Published on 7 July 2026 at 21:34

 

Dawn of Eternal Day

Very early on the 8th of December, I turn on the light and prepare a cup of tea. What is that outside? A strange brightness. Of course, it is close now to the summer solstice in this part of Earth. At 4.55 am this is dawn.

With my cuppa brewed I sit down but not before switching off the electric lamp and opening the window drapes. It felt so special as this new morning began that I found myself spontaneously beginning to sing the first verse of a well-known song: 


Morning has broken like the first morning
Blackbird has spoken like the first bird
Praise for the singing
Praise for the morning
Praise for them springing fresh from the world.

 

The quiet of the early morning seemed to open my heart to something deeper.

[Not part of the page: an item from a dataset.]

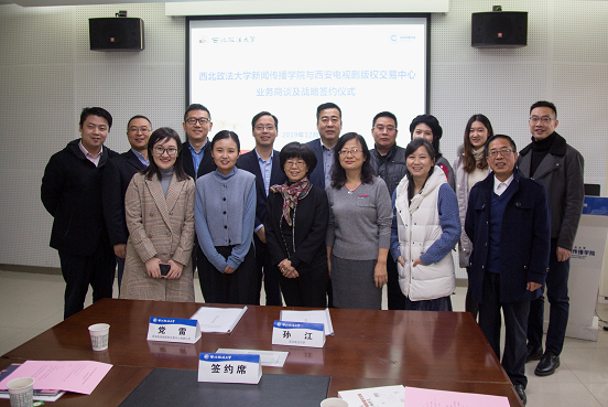 2019年12月25日,稀饭动漫 与西安电视剧版权交易中心战略签约仪式在长安校区何微纪念馆顺利进行。西安电视剧版权交易中心有限公司董事长党雷、稀饭动漫 院长孙江、副院长罗朋、编辑出版系主任师亚丽、广播电视编导系主任李璐、西安电视剧版权交易中心代表、稀饭动漫 师生代表出席仪式,罗朋副院长主持仪式。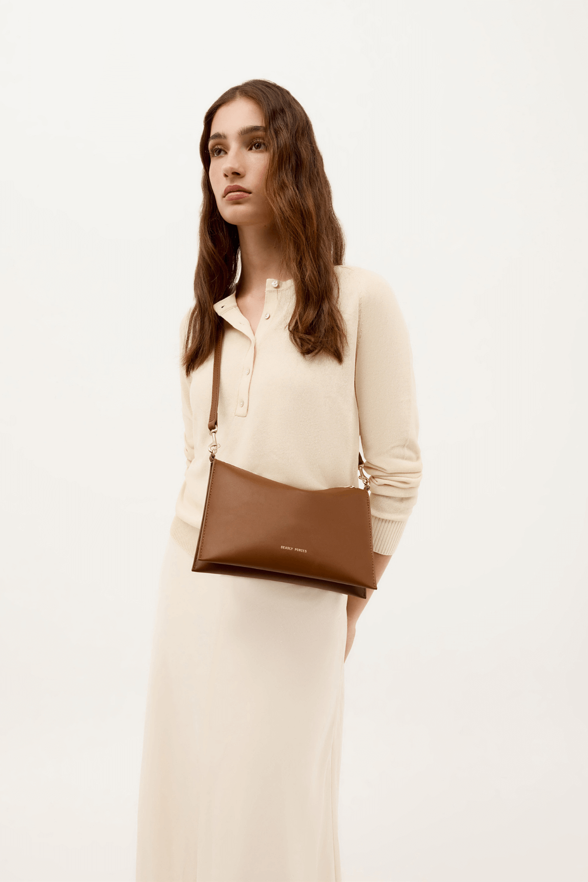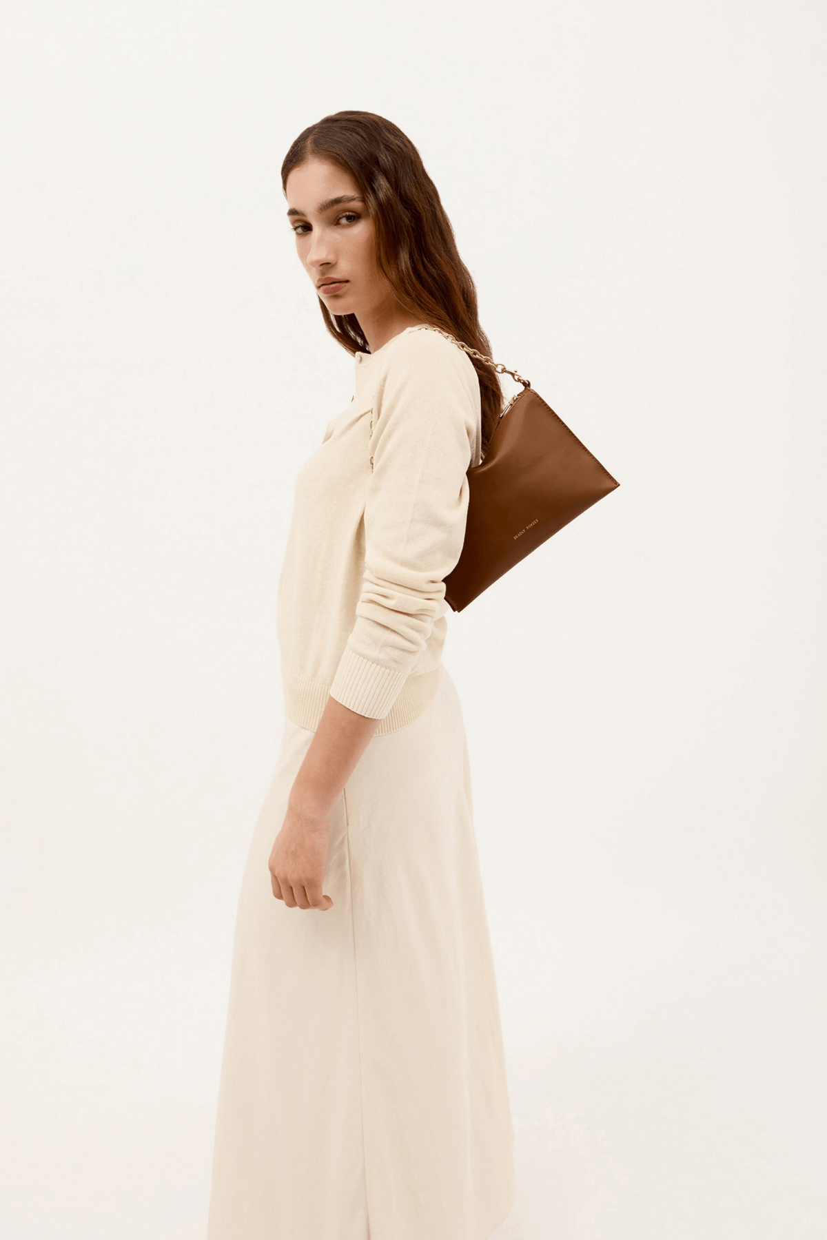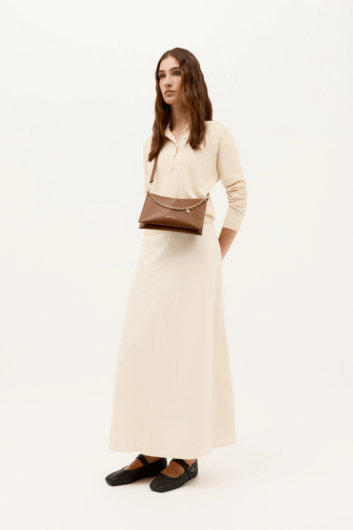 Crafted from smooth Ironed Calf Nappa, the Mr Minimese in Driftwood features a refined folded design, dual gussets, and a brass chain for versatile crossbody or shoulder styling. Keeps essentials close for day-to-night wear.

I take a few sips of my cuppa tea and sing it again. It is quite bright now, and I recall this day in the Catholic Calendar is dedicated to a very special new beginning, the first moment in a new life - of the Blessed Virgin Mary.

 

 

 

 

 

 

 

God is there with his blessing for the newly conceived child of Joachim and Anne the future grandparents of the one in whom I would come to believe.

I also believe that many divine graces were gifted to them — graces to love, watch over, and educate their Mary, who would one day be Mother of my God. 

 

 

 

 

 

 

 

 

 

 

God sent the angel Gabriel to a town in Galilee called Nazareth

The angel came to her saying:

"The Lord is with you and has greatly blessed you."

 

Saint Anselm in Readings of the 8th of December

 

“Virgin Mary, all nature is blessed in you."

"Blessed Lady,
sky and stars, earth and rivers, day and night —
everything subject to the power and use of man —
rejoices that through you they are in some sense
restored to their lost beauty
and endowed with inexpressible new grace.”

 

 

 

 

 

As the morning light grew stronger at my window, I felt a quiet thread running through everything I had seen and remembered — the dawn breaking over Waikanae, the song rising almost without thought, Mary’s first beginning held in God’s grace, Gabriel’s greeting in Nazareth, and Saint Anselm’s vision of creation rejoicing in her.

Each moment seemed to echo the same truth: God’s work often begins in silence, in hiddenness, in the soft arrival of light.

Dawn does not hurry; it simply appears. Grace enters quietly; it does not force itself upon us. Mary received her calling in the stillness of an ordinary day, and creation itself rejoiced in the beauty God placed within her.

Sitting with my cuppa, I found myself grateful for these gentle beginnings — the ways God continues to touch our lives before we even notice, bringing light where there was none, and hope where the day is just beginning.

Morning has broken, and with it comes the reminder that God’s newness is always near.